Heuristic explanation of channel capacity for discrete noiseless channels and binary symmetric channel I am reading the part of Cover-Thomas's book about Information Theory dealing with channel capacity. I get the definitions and the mathematical part, but I'm not sure I get the idea behind the definition of channel capacity.
He defines this quantity as
$$C= \max_{p(x)} I(X,Y) $$
where $p(x)$ is the input probability distribution and $I$ the mutual information. So, what is the idea behind this?

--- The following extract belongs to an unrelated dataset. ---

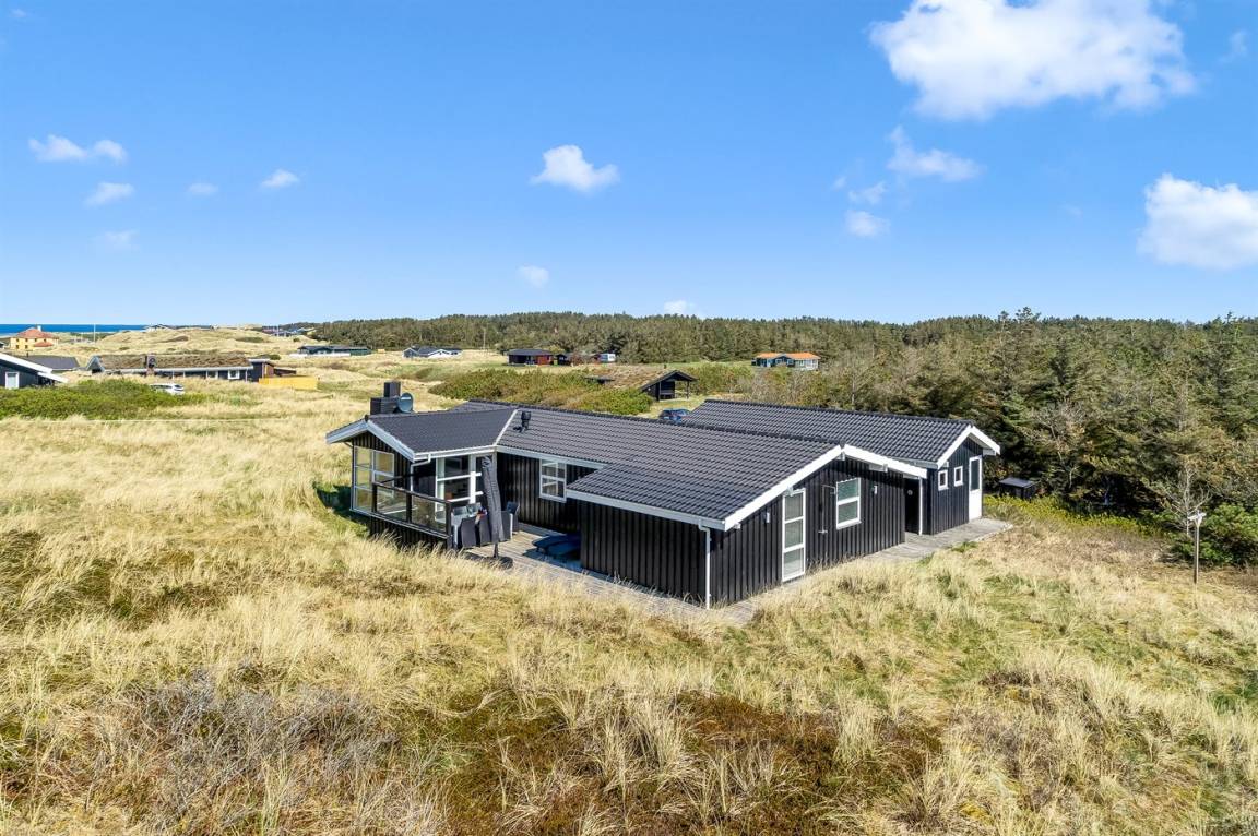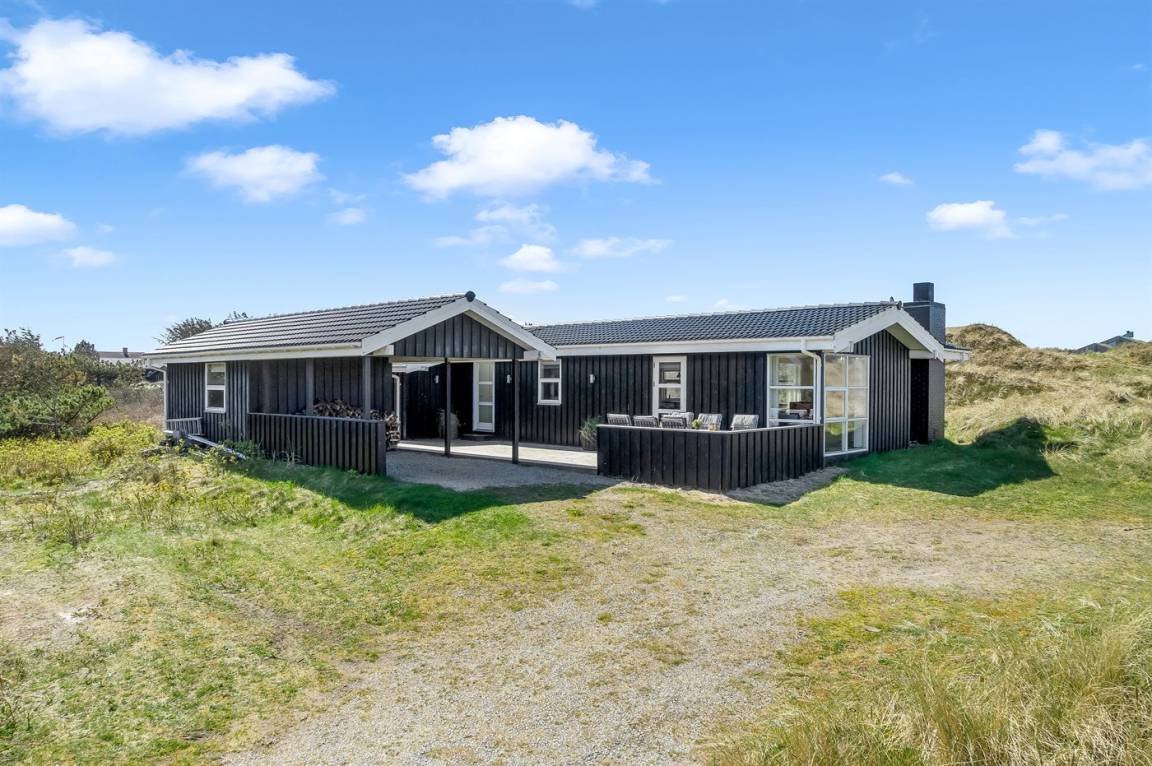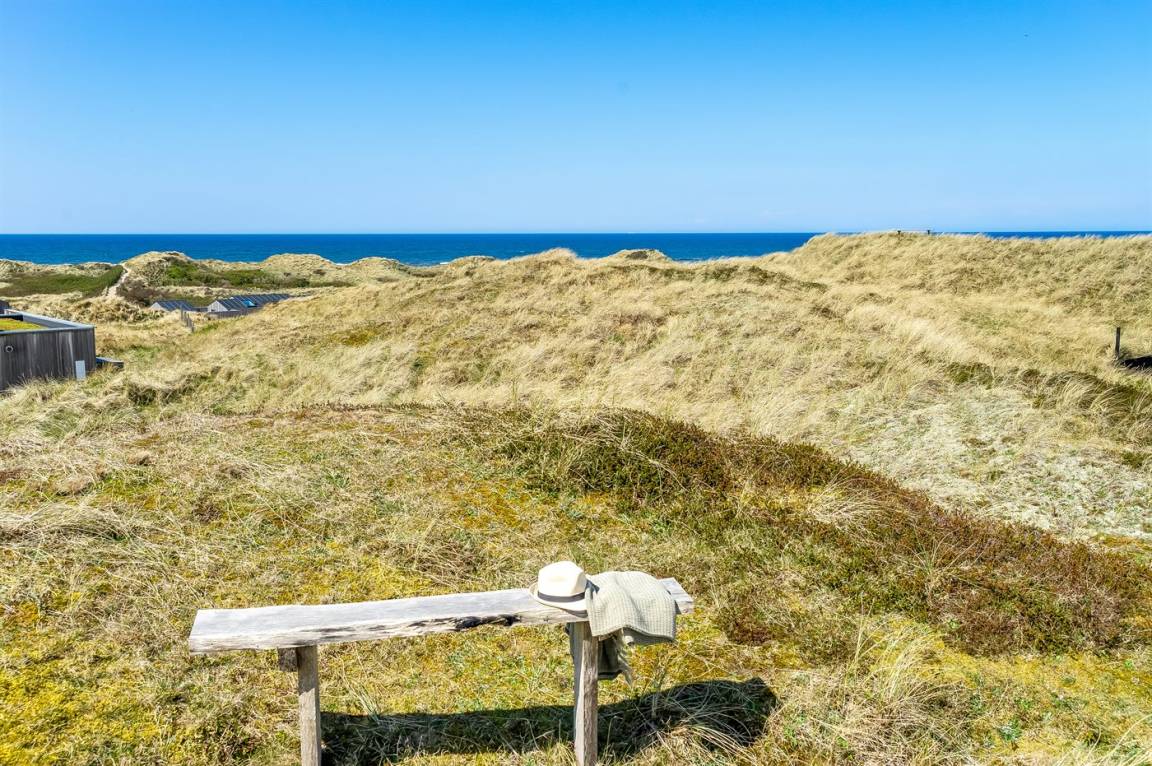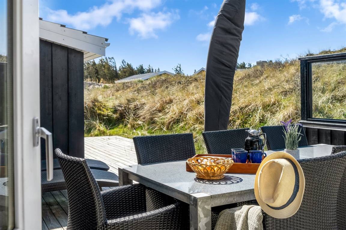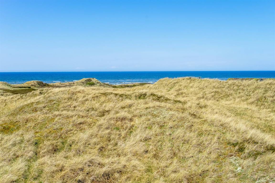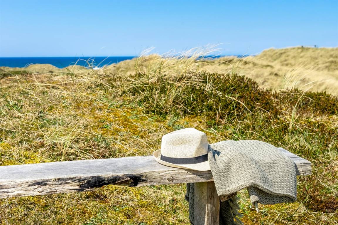 Auf einem hügeligen Dünengrundstück in der natürlichen Ferienumgebung von Grønhoj liegt dieses herrliche Ferienhaus mit einem Wohnraum mit Meerblick. Auf dem höchsten Punkt des Grundstücks steht eine Bank, von der aus Sie die Aussicht und den Sonnenuntergang über dem Meer genießen können.

As I've understood, the mutual information is a way to measure how much you know of $X$ given $Y$ or viceversa, so basically how much information you know about one variable knowing the other. So the idea would be to take the best probability distribution for $X$ in order to maximaze this quantity, because this would mean that by knowing $Y$ you know $X$ at the best of your possibility. Then I'll have to see how we can use this to transmit codes without errors, but for now I'm interested in understending the basic concept and being able to apply it to simple exercises.
So for example, let's take the binary symmetric channel as an exercise. Suppose there are no errors with probability $1-p$ (0 in 0 and 1 in 1) and there's an error with probability $p$. Then the transition matrix $P=p(y|x)$ will be given by
$$ P = \begin{bmatrix} 1-p & p \\ p & 1-p \end{bmatrix}$$
Consider then
$$I(X,Y)= H(Y) - H(Y|X)= -p(Y=0) \log_2 (p(Y=0)) - p(Y=1) \log_2 (p(Y=1)) - H(Y|X)$$
Now I know that given $p(x)$ and the transition matrix $P$ I can get $p(y)$ by multiplying the two, but how do I maximize over $p(x)$? I mean, in the book they do it very fast but I guess it's because they knew the result in advance. Also, they say the result is $1 - H(p)$, but what do they mean by thaat?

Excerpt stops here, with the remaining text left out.